Lahore, Pakistan, May 29, 2015 / 05:01 am
In Pakistan's Punjab province, 106 people have been charged with the November 2014 murder of a Christian couple, who were attacked by a lynch mob and burned alive after being accused of blasphemy.
Pakistan's anti-terrorism court charged that three Muslim clerics were involved in persistent provocative speech against the couple, while local media reported the clerics stirred up over 400 people against Shahzad Masih and his wife Shama, who was pregnant with the couple's fourth child.
The Christian couple were killed and their bodies burned by a mob after they were accused of desecrating the Quran. The couple lived in Kot Radha Kishan, a city located nearly 40 miles southwest of Lahore.
Another 32 alleged participants in the lynching are still at large, BBC News reports.
A peaceful joint Christian-Muslim protest was held in Lahore to protest the crime. Local Christian and Muslim leaders also met with the governor of Punjab about the case.
Before the married couple were killed on Nov. 4, angry villagers reportedly told them to convert to Islam to make amends for their alleged crime.
The couple worked at a brick kiln, and it has been reported that the kiln owner noticed Shama burning some belongings of her recently-deceased father-in-law, and charged that some pages she burnt were from the Quran – he then detained them. They owed him money, and he refused to release them without being paid.

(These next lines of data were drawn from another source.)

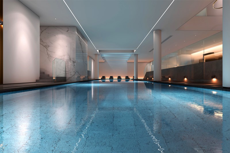 本项目为会所室内恒温游泳池,室内恒温泳池中,循环过滤系统采用4台4HP泳池循环泵与3台Φ1200侧式砂缸;消毒系统采用全流量中压紫外线杀菌器+含氯消毒剂;采用在线水质监测仪,可检测水中pH值、余氯、浊度、ORP值、水温,且能够自动控制3台投药泵的启停,维持池水水质;游泳池加热系统选用间接换热,配置2台90kw制热量空气源热泵机组与2台制热量145kw的燃气热水器;控制系统采用半自动时控控制系统。
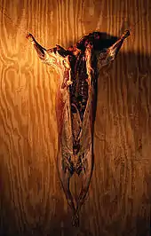 Inspired by the early work of Francis Bacon and the painting of a slaughtered ox by Rembrandt, he made a “meat series”, 198687. An example of this is the 1987 sculpture, This is my Body this is my Blood, consisting of a cut open decapitated lamb carcass, nailed to a piece of plywood.[4] His 1987 sculpture, Wind pipe, was a double bed with a varnished sewer pipe on it.
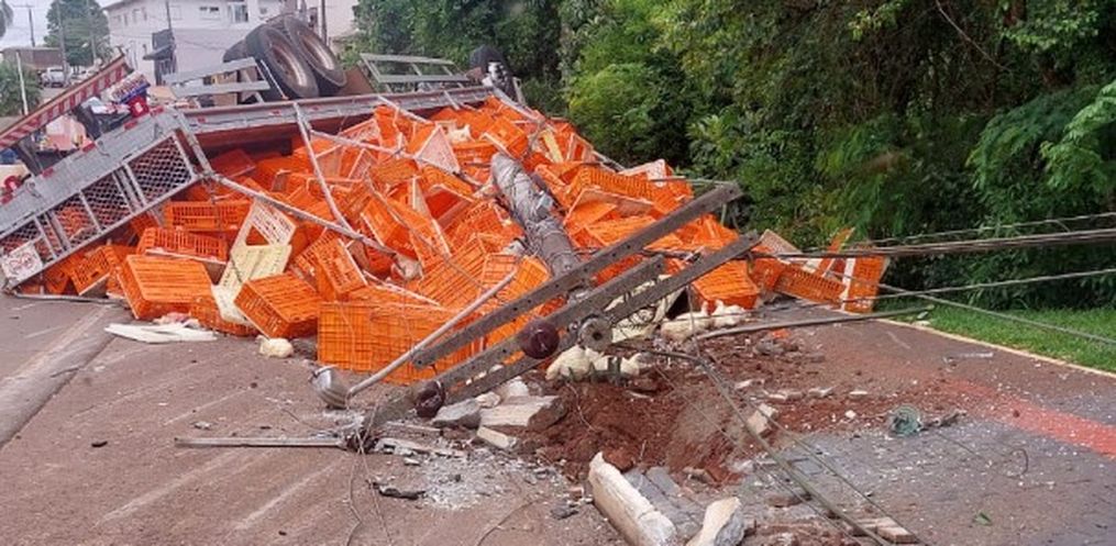 A equipe da Celesc foi acionada para a gerenciamento elétrico de fios de alta tensão que foram rompidos com o tombamento.
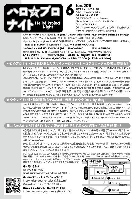 イワオカさん制作によるお知らせ文章を発表! 参加には夜食の都合上、参加表明が好ましいとのシェフの言伝も。 諸々内容は当日のお楽しみで! “スマイレージナイト3” ―ハロプロエッグ2011 TO YOU!― 日時:2011年6月18日(土) 23:00〜All Night! 会場:Private Salon うさぎの執事 http://c.mixi.jp/usaginoshitsuji 住所:東京都新宿区百人町1-12-2 Seiza新宿301号室 070-6651-4010/090-9850-2819 最寄駅: 西武新宿線北口徒歩2分 JR大久保駅南口徒歩3分 JR新宿駅東口徒歩10分 西武新宿線とJR中央線線路に
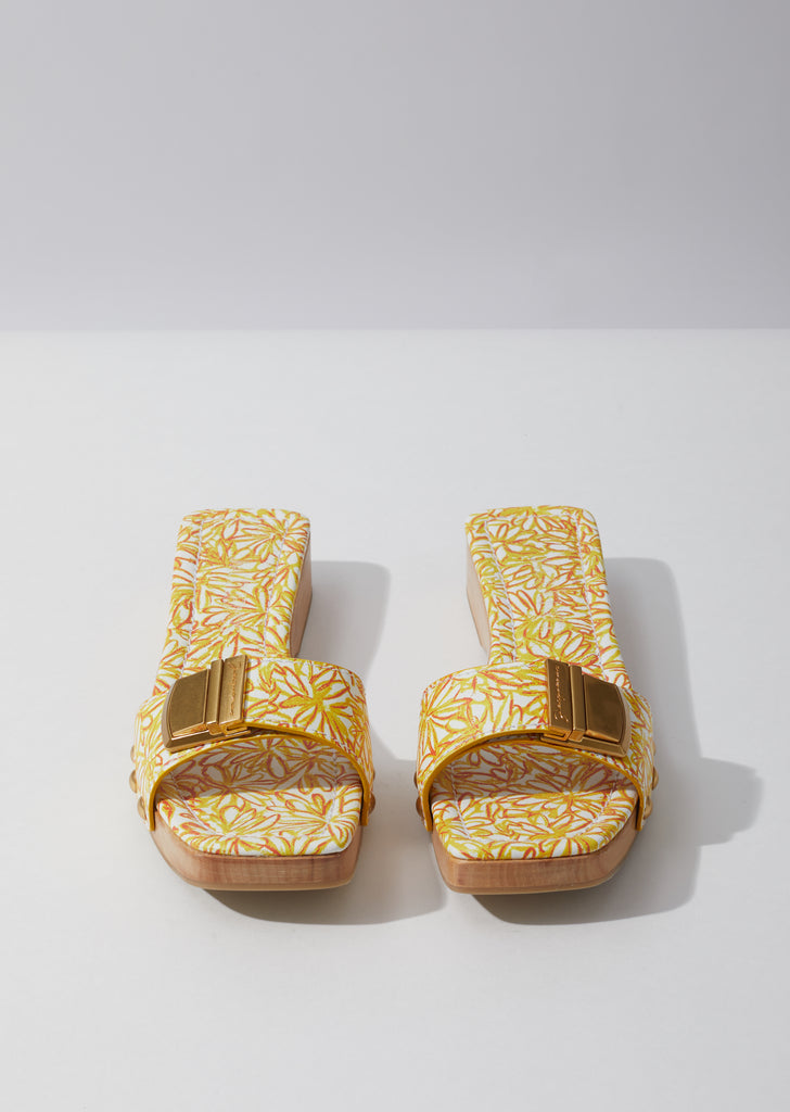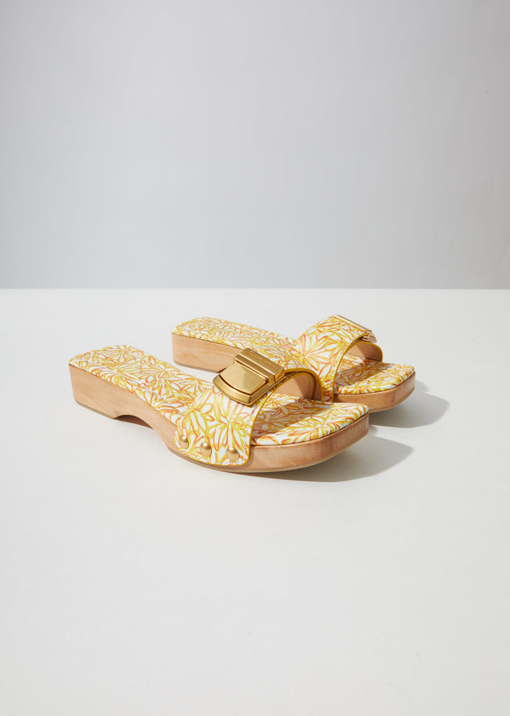 Orange, red, and white flat slide sandals crafted of Nappa leather in a scribbled floral print, featuring an arched wooden sole and buckled vamp straps.
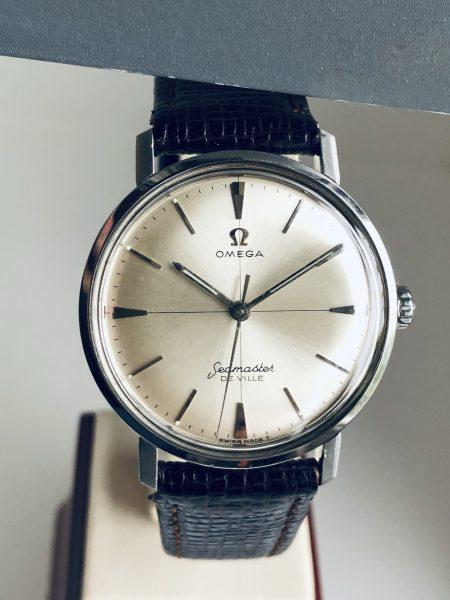 From 1964 comes this what looks like an unused Seamaster De Ville in near New Old Stock Condition. An Omega Seamaster De Ville with truly outstanding Lovely Dial with rare “doorstep” hour markers and Superb cross-hairs dial in mint original factory finish condition with not a mark on it.
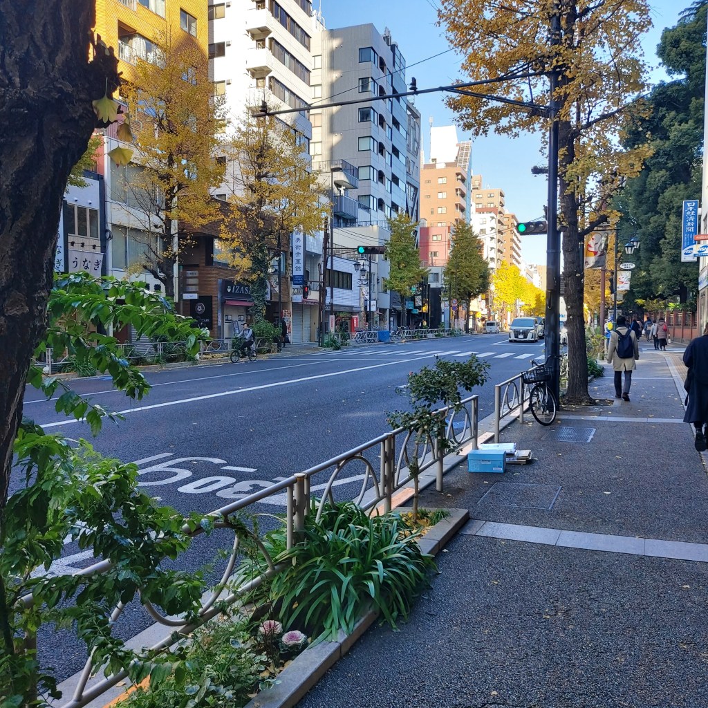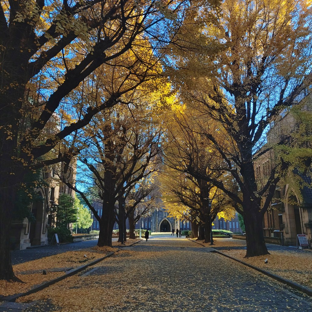 지하철도 이제는 점차 익숙해져서, 출근길의 시민들을 찬찬히 관찰도 해보기도 하면서 여유롭게 혼고산초메역에 하차를 했다. 혼고산초메 역 주변에는 도쿄 대학이 있다. 그렇다. 나는 도쿄 대학에 한 번 가보고 싶었다. 이유는 매우 단순한데, 극단적(?) 학벌주의라고 자랑할 만한 고등학교 3학년의 나는 명문 대학교들을 알아보다가 어쩌다 도쿄 대학도 알아보게 되었는데, 그 은행잎 두 장이 교차된 듯한 로고가 상당히 이쁘고, 교정 사진을 보니 나중에 일본 여행을 한다면 한 번은 가봐야지 싶어서 그렇게 이번 여행 계획에 넣은 것이다. 그리고 캠퍼스 같은 건물은 건축 상 특정 도시의 상징이 될 법도 한 주요 시설이기도 하고, 그 즉슨 시민들에게도 열려 있는, 고등 교육 기관으로서, 권위가 있다는 것이다. 그렇게 도쿄 대학으로 가는 거리 앞 교차로에서 나는 늘어져 있는 은행나무들을 보고 길을 헤매지 않고 목적지로 바로 갈 수 있었다.

It was then announced from local mosques that the couple had desecrated the Quran, and a mob forced their way into the room where the Masihs were held, and beat them with bricks and shovels. Reports vary as to whether or not the couple's bodies were thrown into the kiln before or after their deaths.
Pakistan's state religion is Islam, and around 97 percent of the population is Muslim. The nation has adopted blasphemy laws which impose strict punishment on those who desecrate the Quran or who defame or insult Muhammad.
The blasphemy laws are said to be often used to settle scores or to persecute religious minorities; while non-Muslims constitute only 3 percent of the Pakistani population, 14 percent of blasphemy cases have been levied against them.
Many of those accused of blasphemy are murdered, and advocates of changing the law are also targeted by violence.
In 2011 the Punjab governor Salmaan Taseer, a Muslim critic of the blasphemy laws, was assassinated. Shahbaz Bhatti, a Catholic and the only Christian in Pakistan's cabinet, was also assassinated the same year by militant supporters of the blasphemy laws.